Then, the discriminative model learning unit 242 computes the weighted loss L for the training data 251 (step S28). For example, in the case of using the function f(s) of Expression 5 in FIG. 11, L=0.208·l1+0.208·l2+0.583·l3 is obtained.


Then, the discriminative model learning unit 242 learns the discriminative model 234 so as to minimize the weighted loss L (step S30). Here, in the weighted loss L, the weight of the individual loss 13 of the time-series data 2511-3 is larger, and the weights of the individual losses 11 and 12 of the time-series data 2511-1 and 2511-2 are smaller. Therefore, the time-series data 2511-3 significantly having features of a foreign object is learned with a larger weight, and the time-series data 2511-2 having features of a bubble that is erroneously discriminated and the time-series data 2511-1 having a small amount of features of a foreign object are learned with a small weight. As a result, the discriminative model 234 can be learned so as to expand the difference between the discrimination score by which a fragmented moving locus c1 of a bubble similar to the moving locus a1 (corresponding to the time-series data 2511-1) as illustrated in FIG. 13 is discriminated as a foreign object and the discrimination score by which a fragmented moving locus c2 of a bubble similar to the moving locus a2 (corresponding to the time-series data 2511-2) is discriminated as a foreign object, and the discrimination score by which the moving locus B of a foreign object similar to the moving locus a3 (corresponding to the time-series data 2511-3) is discriminated as a foreign object.
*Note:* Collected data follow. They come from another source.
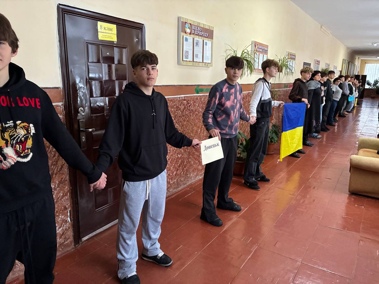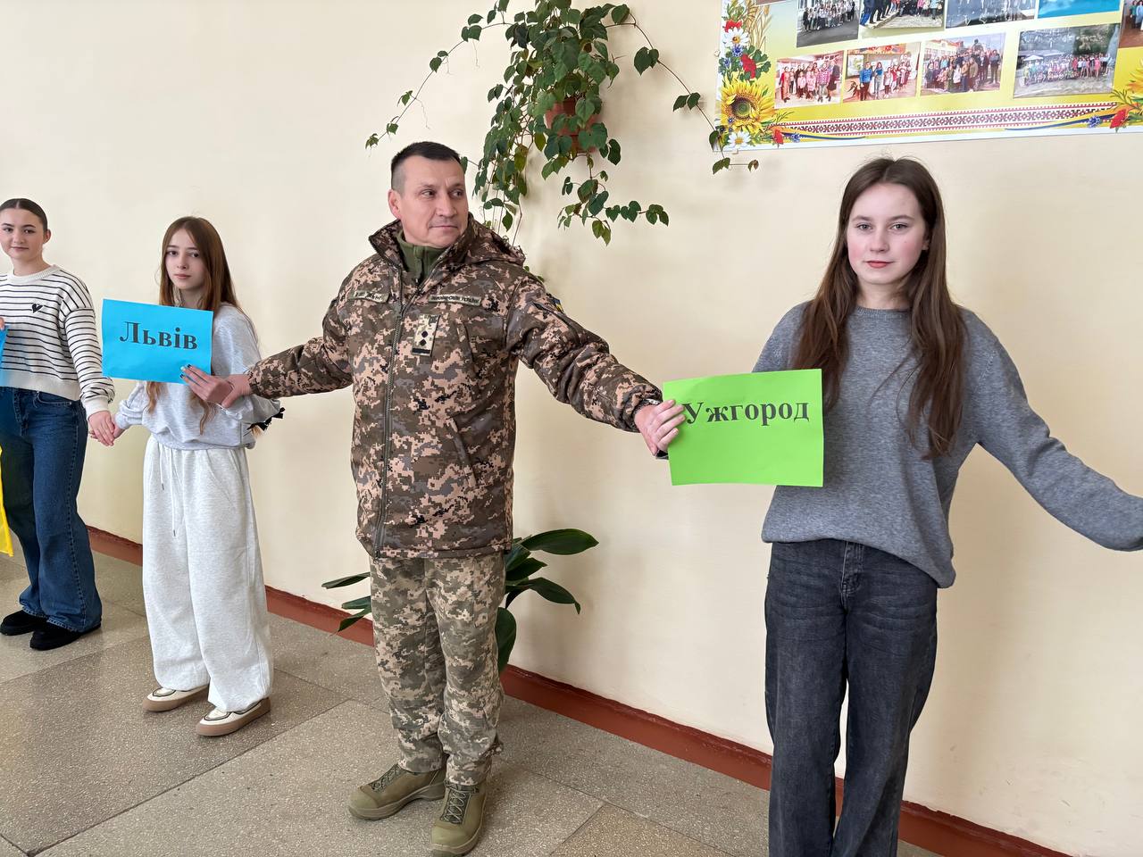 Сьогодні в нашому закладі відбувся захід до Дня Соборності України. Учні, вчителі та гості ( начальник відділення ЦВС першого відділу Хустського РТЦк та СП), об’єдналися в символічний ланцюг єдності, взявшись за руки, як знак згуртованості, миру та неподільності українського народу. Під час заходу згадали історичне значення Акту Злуки 22 січня 1919 року та наголосили на важливості єдності України сьогодні. Захід пройшов у піднесеній, патріотичній атмосфері й став нагадуванням, що сила України — в єдності її громадян.
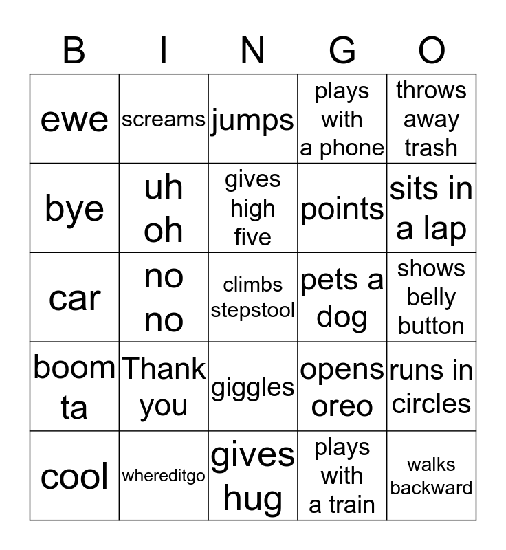This bingo card has a free space and 39 words: ball, ma, claps, opens oreo, runs in circles, boom ta, no no, climbs on couch, pets a dog, shows belly button, bye, screams, plays peek a boo, sits in a lap, car, Thank you, giggles, plays with a phone, surprise face, cool, uh oh, gives high five, plays with a train, throws away trash, doggie, whereditgo, gives hug, plays with a truck, throws a ball, ewe, wow, gives kiss, points, walks backward, jibber jabber, yum, jumps, runs and wears sunglasses.
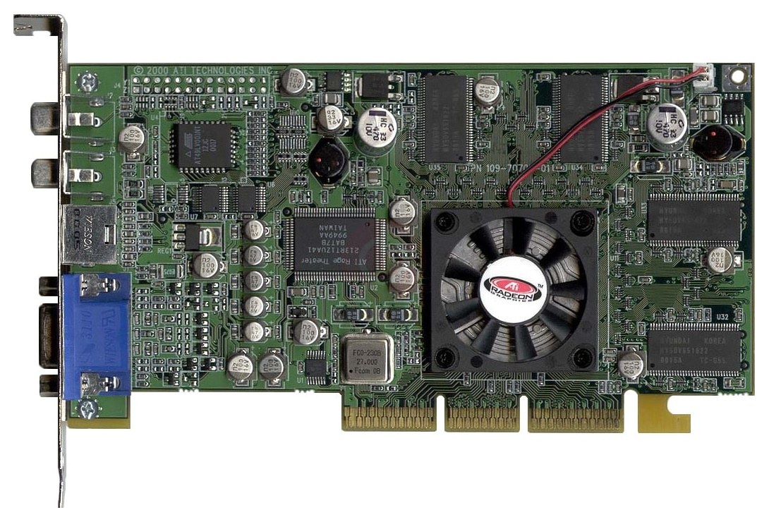 Видеокарта ATI Radeon также известная под кодовым именем R100 выпускалась по техпроцессу 180 нм. Чип имел аппаратный движок T&L (Transform and Lighting), поддерживал Direct3D 7.0 и еще не обладал аппаратной поддержкой шейдеров. Ядро работало на частоте 183 МГц. Первые версии оснащались памятью DDR 183 МГц объемом 64 МБ или 32 МБ. У современной Radeon RX 9070 XT на архитектуре RDNA 4 частота чипа около 3 ГГц и 16 ГБ видеопамяти.
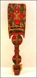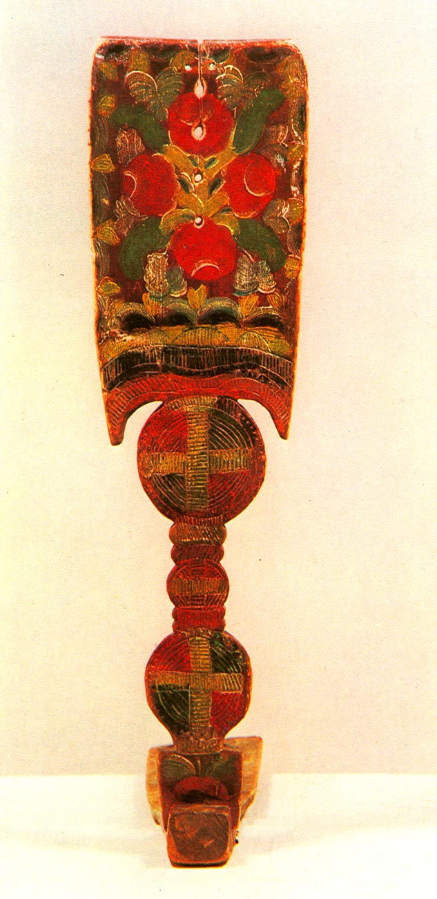 Прялки Псковской области в классификацию А. А. Бобринского не вошли. По конструкции близки к прялкам южных районов Калининской области. Их ножка врубалась в массивную головку донца без попытки скрыть место соединения. И так же, как и у калининских сплошных прялок, в прялках Псковской области ясно читается полотно сплошной доски, идущее от самого основания. Из нее впоследствии выделилась лопатообразная лопасть, а нижняя часть ее еще сохранила широкие плоскости трех кругов, как и у прялок Нелидовского района Калининской области. В декоре псковских прялок много общих приемов резьбы с прялками Литвы. Неглубоко нарезанный ножом простой ритмичный узор, состоящий из параллельных полос, очень близок к резному декору литовских прялок.
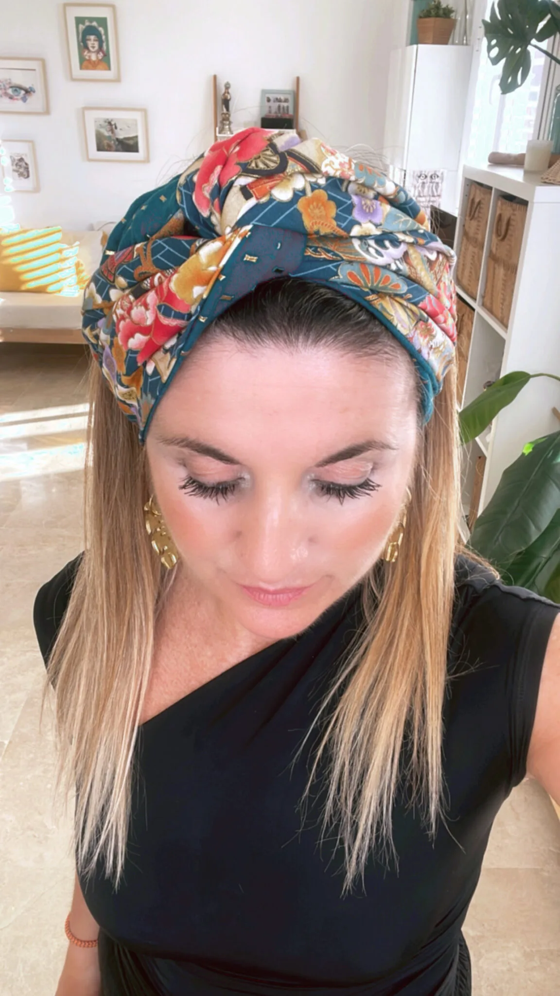 Turbante pañuelo tela japonesa peces y vichy mostaza
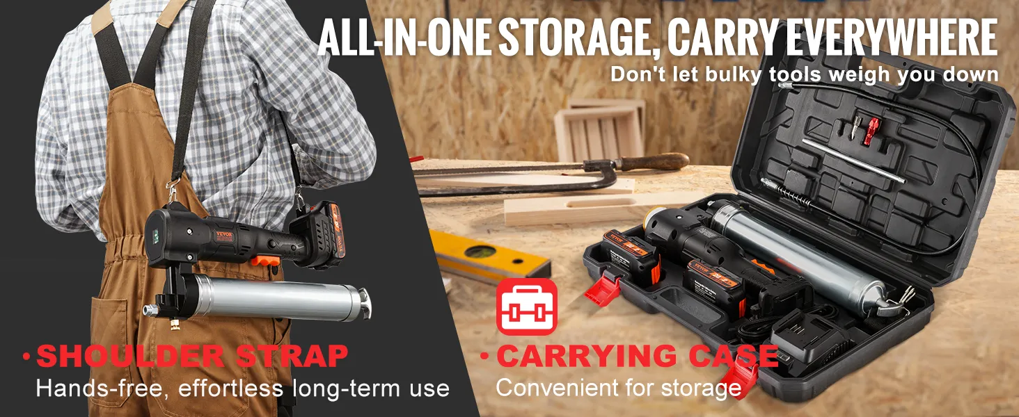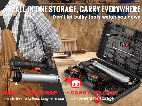 With a comfortable shoulder strap, you can take this power grease gun anywhere without breaking a sweat. The included carrying case keeps all your gear organized and easily transportable.
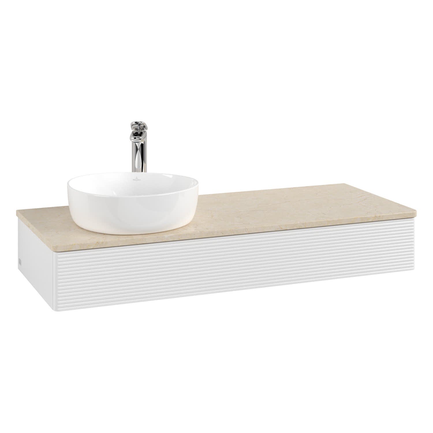 Villeroy & Boch Antao Waschbeckenunterschrank, 120 x 19 cm, 1 Auszug mit LED-Licht, Front mit Struktur, mit Hahnloch, für Waschtisch links
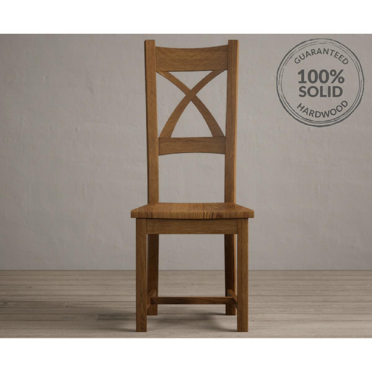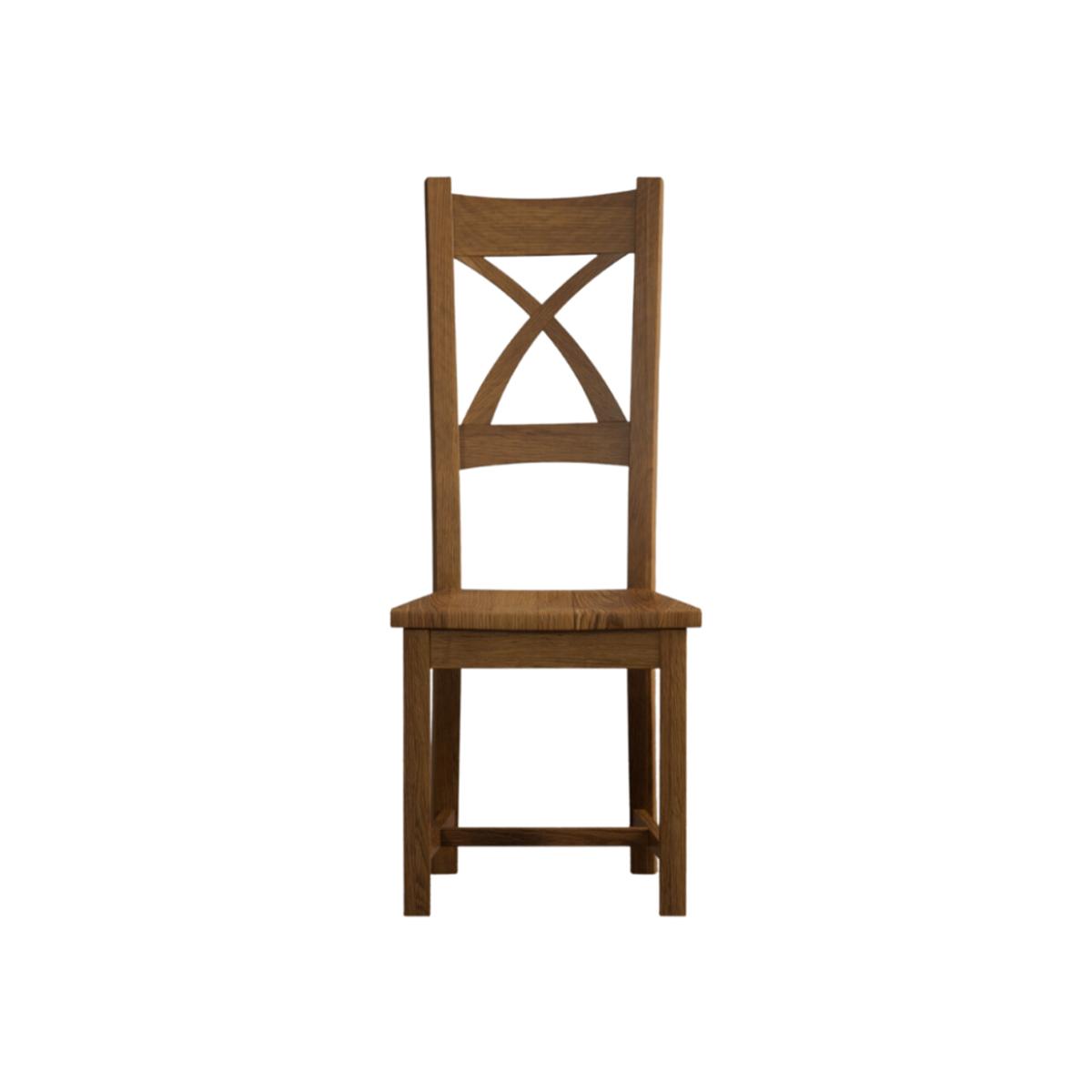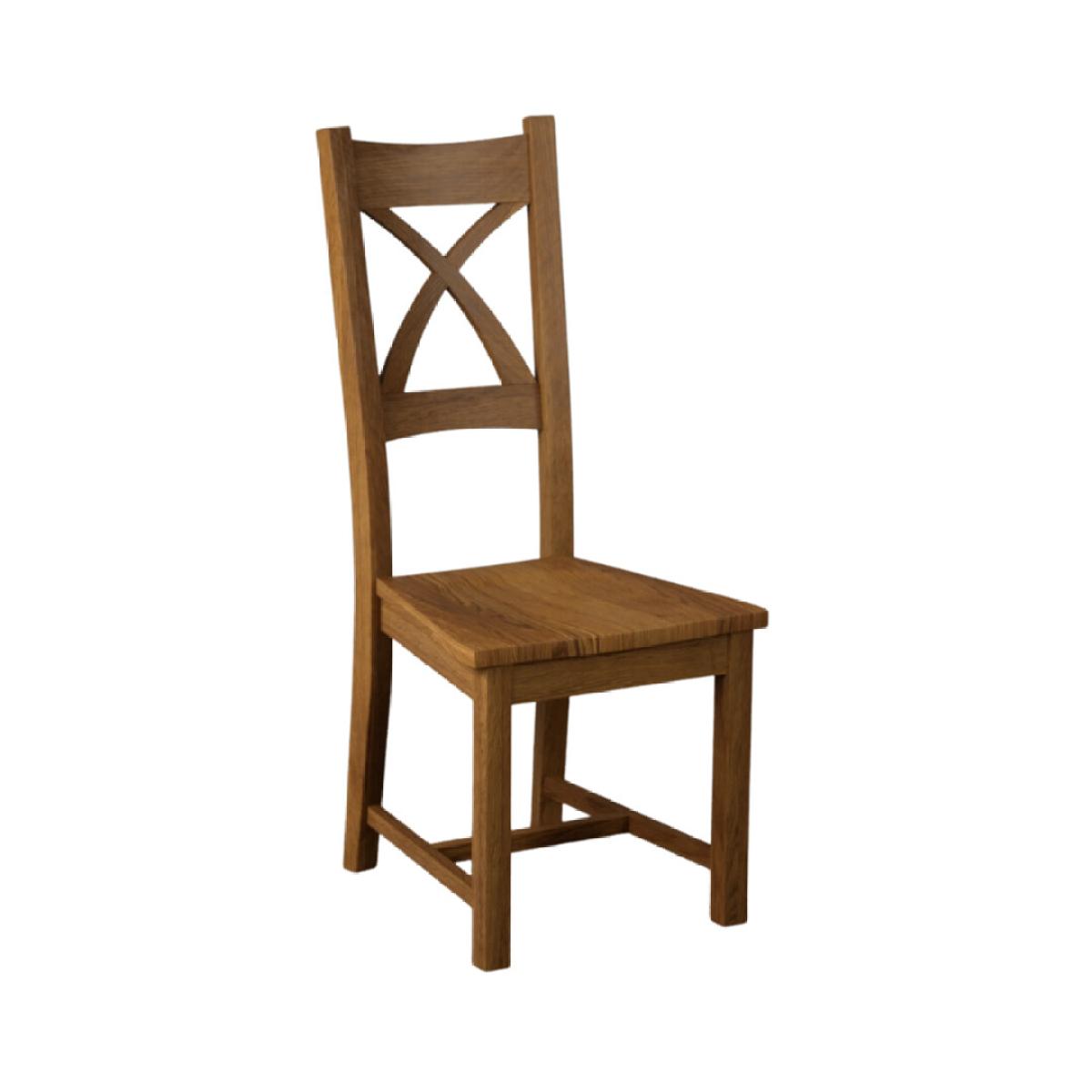 The Rustic Solid Oak X Back Dining Chairs with Rustic Oak Seat Pad are solid oak chairs with a rustic finish, complete with oak seat pads.
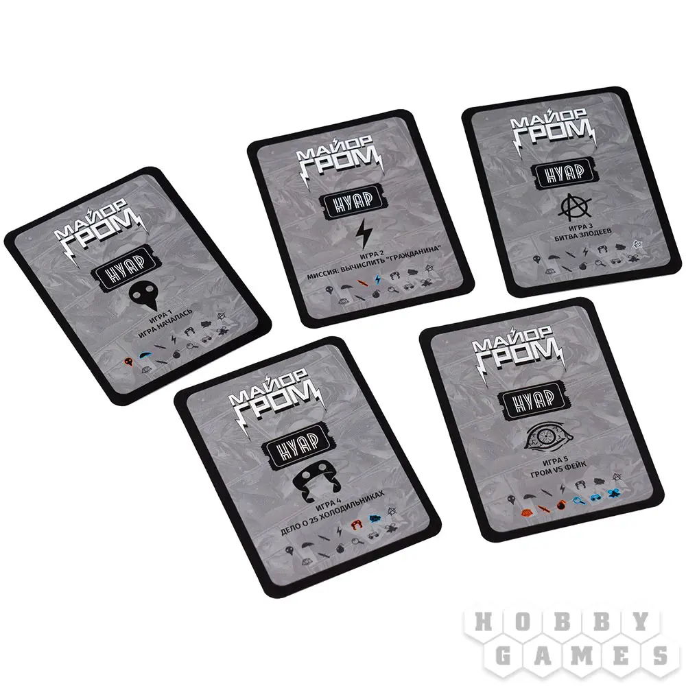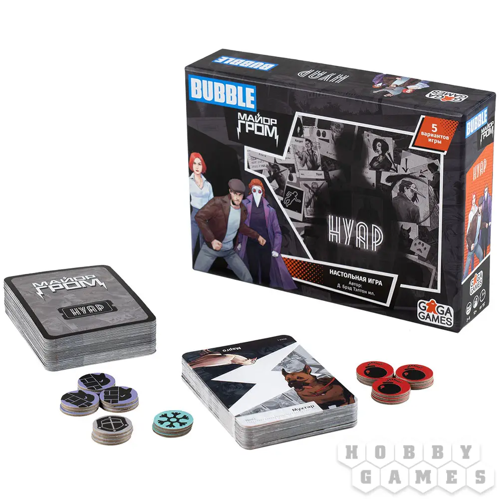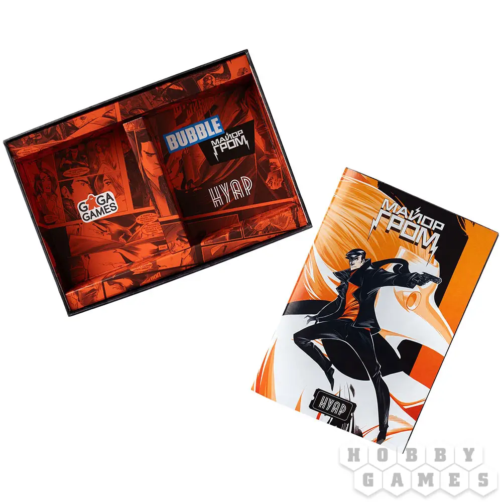 "Нуар: Майор Гром" – это несколько отдельных детективных игр, для которых используется единая колода и определенные жетоны. Целых пять разных сюжетов доступны для прохождения. Начните с принципиальной мозговой дуэли один на один и продолжайте, собрав команду единомышленников. Просчитывайте наперёд возможные действия оппонентов и покажите всем, кто есть кто. Пусть победит умнейший и провозгласит себя главным действующим лицом в жизни суетливого мегаполиса!
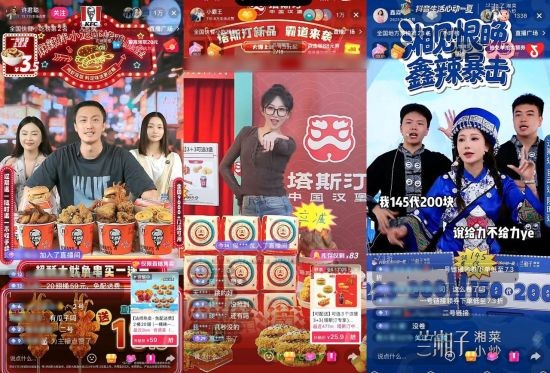 在抖音有超过1700万粉丝的舞蹈达人@小霸王 在推荐塔斯汀中国汉堡的直播间大秀舞技,吸引大量网友围观,直播间曝光人次超过5000万,单分钟交易峰值超过4.7万元;抖音音乐人@鑫淼 则身着民族服饰和其他主播团播跳舞,内容流量快速转化为交易数据,为湘菜连锁品牌兰湘子带去超过27万张团购订单。
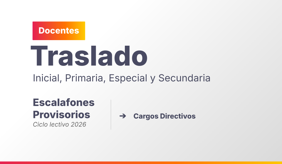 Se comunica que desde el 03/11/2025 al 07/11/2025, se exhibirán los escalafones provisorios de Traslado para Cargos Directivos, correspondientes a Inicial, Primario, Especial y Secundaria, a los efectos de la formulación de impugnaciones a que hubiere lugar, conforme Art. 8 – Anexo IV – Decreto Nº 3029/12.
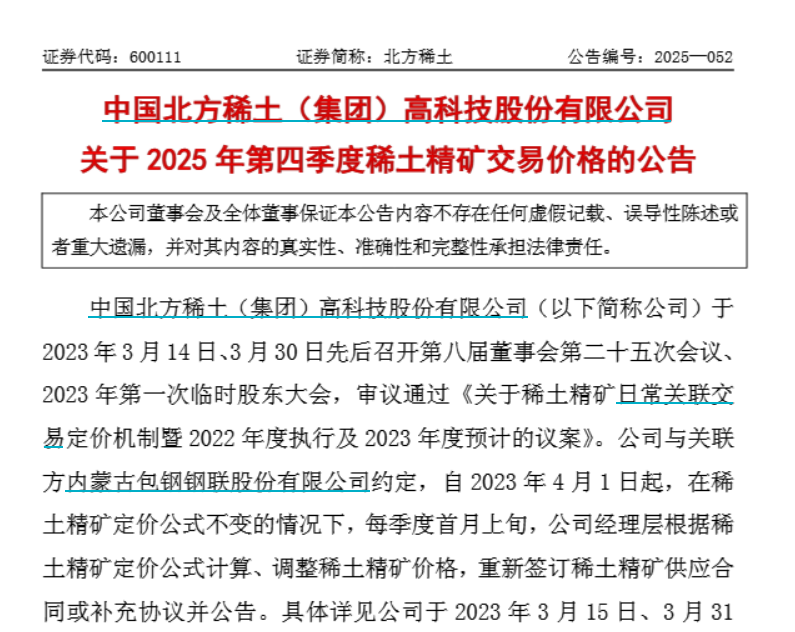 10月10日晚间,、发布公告,上调2025年第四季度稀土精矿关联交易价格。
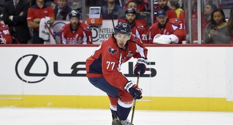 During drills, Oshie gathered a puck and drove to the net, colliding with goaltender Braden Holtby. Oshie bounced up from the collision no worse for wear.
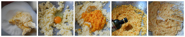 Colocar en un bol el azúcar y la mantequilla a punto pomada. Batir hasta obtener una crema. Añadir el huevo incorporando bien. Agregar la mandarina triturada y el brandy, mezclando bien. Por último incorporar la harina tamizada con lalevadura y la sal.
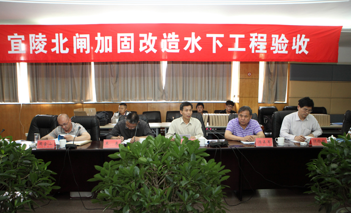 本次水下工程验收的主要项目包括:上下游联接段护坡,闸室结构,公路桥工程,闸门、埋件制作与安装,启闭机安装。与会专家通过现场查看、听取汇报、查阅资料的方式,认为宜陵北闸加固改造水下工程已按批复的设计内容和标准完成,施工管理组织严密,工程档案资料基本齐全,质量符合设计要求,一致同意通过水下工程验收,同时,要求各参建单位要认真总结前一阶段工程建设经验,进一步抓好安全生产,全力做好后续工程建设。
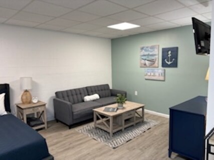 Easy location to find as we are right on Frankfort Hwy. 3 miles from downtown Frankfort and Lake Michigan, only a 8 minute walk from Crystal Lake. Enjoy bicycle riding we are less than a mile from the paved bike path/rails to trails, 15 miles from Crystal Mnt. Entering your cabin you will enjoy a new memory foam, queen-sized bed in a private studio cabin. Featuring a kitchen, bathroom, air conditioning, and free fast wifi! Clean bed linens, towels, pots/pans, dishes/utensils provided.
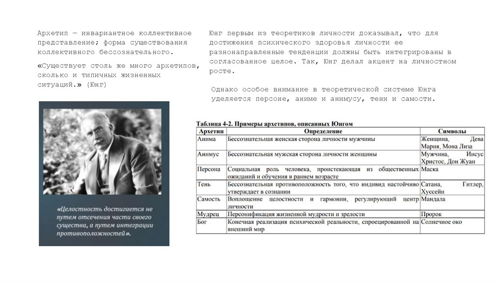 согласованное целое. Так, Юнг делал акцент на личностном
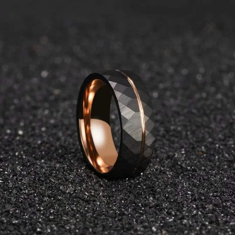 Número do modelo: Black Tungsten Rings for Men Women Thin Rose Gold Groove Hammered Wedd

On the contrary, in the case of learning the respective pieces of time-series data 2511-1 to 2511-3 as foreign objects without being weighted, it is difficult to learn the discriminative model 234 so as to expand the difference between the discrimination score by which the fragmented moving locus c1 of a bubble similar to the moving locus a1 (corresponding to the time-series data 2511-1) is discriminated as a foreign object and the discrimination score by which the fragmented moving locus c2 of a bubble similar to the moving locus a2 (corresponding to the time-series data 2511-2) is discriminated as a foreign object, and the discrimination score by which the moving locus B of a foreign object similar to the moving locus a3 (corresponding to the time-series data 2511-3) is discriminated as a foreign object. As a result, there is a high possibility that the fragmented moving loci c1 and c2 of a bubble are erroneously detected as foreign objects with high discrimination scores.


Next, learning by using the training data 250 will be described. The training data 250 includes only one piece of time-series data 2501.


The discriminative model learning unit 242 first acquires softmax values of the respective classes of the discriminative model 234 with respect to the time-series data 2511 (step S23). The moving locus A of a foreign object includes features of a foreign object that a foreign object having a heavy specific gravity finally moves downward. Therefore, it is expected that the softmax value of a foreign object class is larger than those of bubble and noise classes. Here, it is assumed that [0.7, 0.2, 0.1] is acquired. The discriminative model learning unit 242 computes the individual loss 11 corresponding to the time-series data 2511 from the acquired softmax values and the correct label 2502 ([1, 0, 0]) (step S24).


Then, the discriminative model learning unit 242 computes the weight w1 of the time-series data 2511 (step S27). Since only one piece of time-series data is included in the training data 250, the weight takes 1.


Then, the discriminative model learning unit 242 computes the weighted loss L for the training data 250 (step S28). As a result, L=l1 is obtained.


Then, the discriminative model learning unit 242 learns the discriminative model 234 so as to minimize the weighted loss L (step S29).


According to the discriminative model learning unit 242 that is configured and operates as described above, even in the case where data representing a fragmented moving locus of a foreign object is input, it is possible to gain the learned discriminative model 234 that can correctly discriminate the class of the foreign object. The reason thereof is that the discriminative model learning unit 242 learns the discriminative model 234 by using a plurality of pieces of time-series data 2511-1 to 2511-3 belonging to the training data 251 assuming fragmentation.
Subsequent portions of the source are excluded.